Emerging Dancer 2013, Jennifer Whittaker

The fourth of its kind, Emerging Dancer 2013 sees six fresh talents grace the Queen Elizabeth Hall stage. Nurtured at English National Ballet School before joining ENB, each dancer performs a pas de deux selected by Artistic Director Tamara Rojo, followed by a solo of their own choice. After a day’s glimpse into their meticulous rehearsal process, I look forward to an evening which sees multiple moments of promise.

English National Ballet. Emerging Dancer competition 2013.

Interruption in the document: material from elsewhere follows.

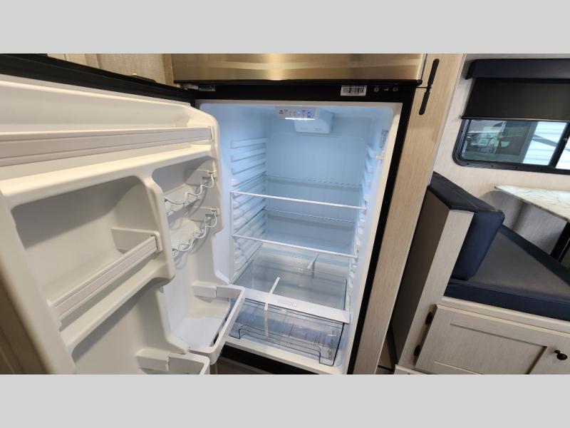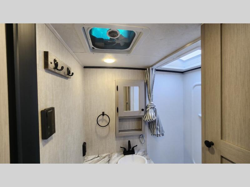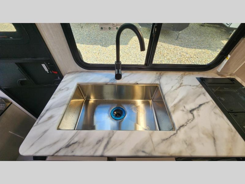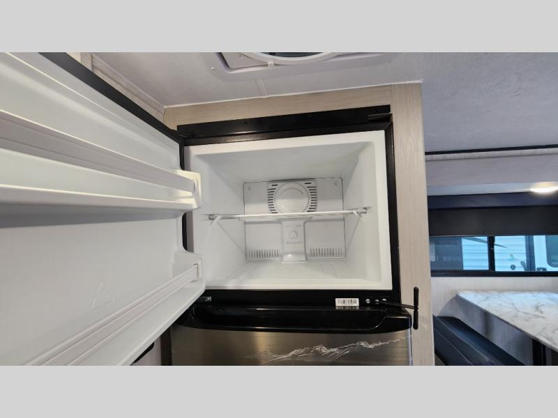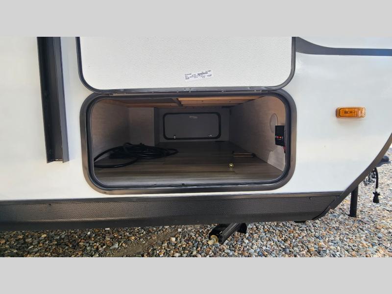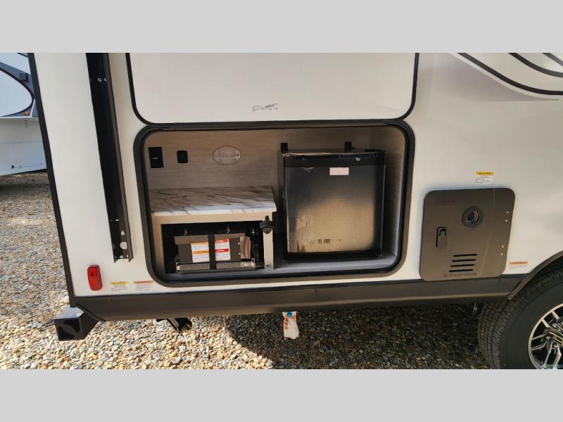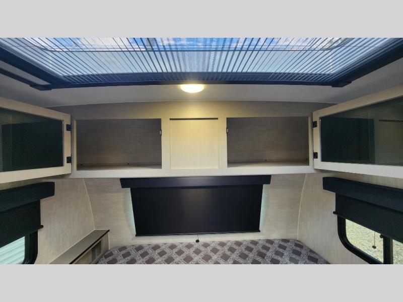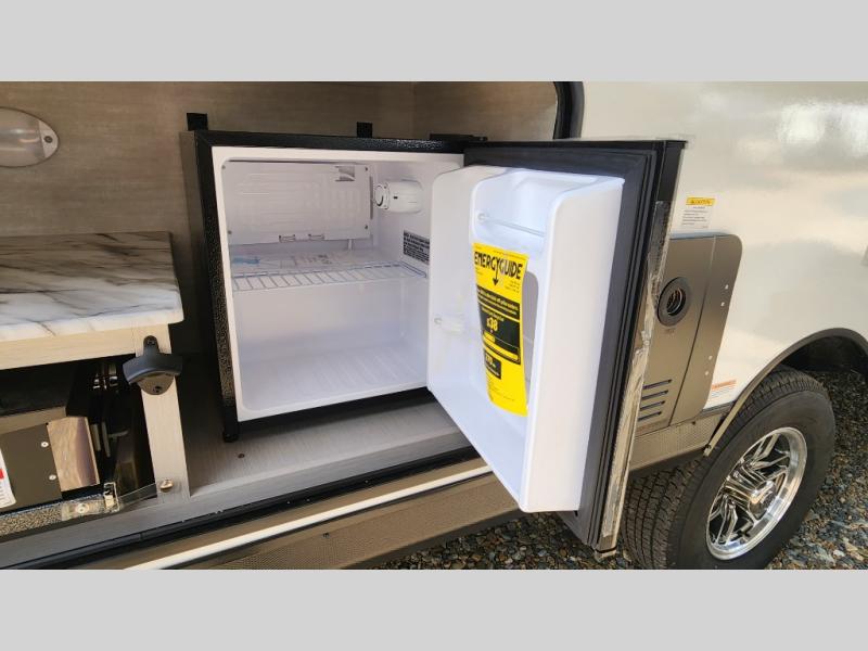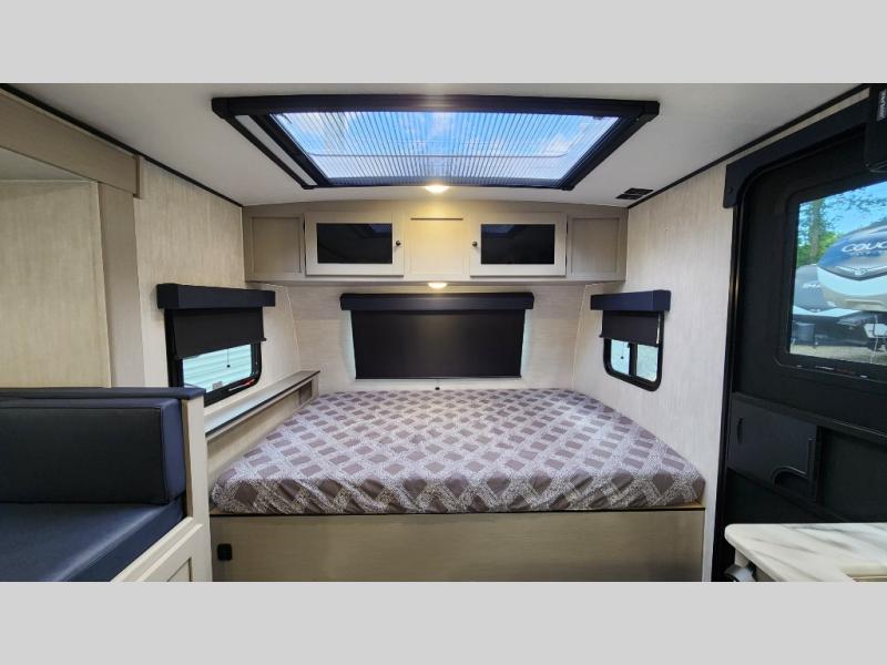 This model is off-grid ready, with Azdel composite construction, a 100-watt solar panel, enclosed underbelly, and rugged all-terrain tires — built to explore far beyond the campground.

A whirl of spins and triumphant lifts, Ken Saruhashi and Nancy Osbaldeston’s vibrant partnership presents Don Quixote in style. In ghostly contrast, Alison McWhinney’s sensitive fragility transports us to the ethereal, spirit-land of Giselle, as she floats in Nathan Young’s steadfastly upstretched arms. Lauretta Summerscale’s bold Black Swan inspires confidence, strength and attention to nuance conveying her controlling dominance over innocent, beguiled prince, Guliherme Menezes.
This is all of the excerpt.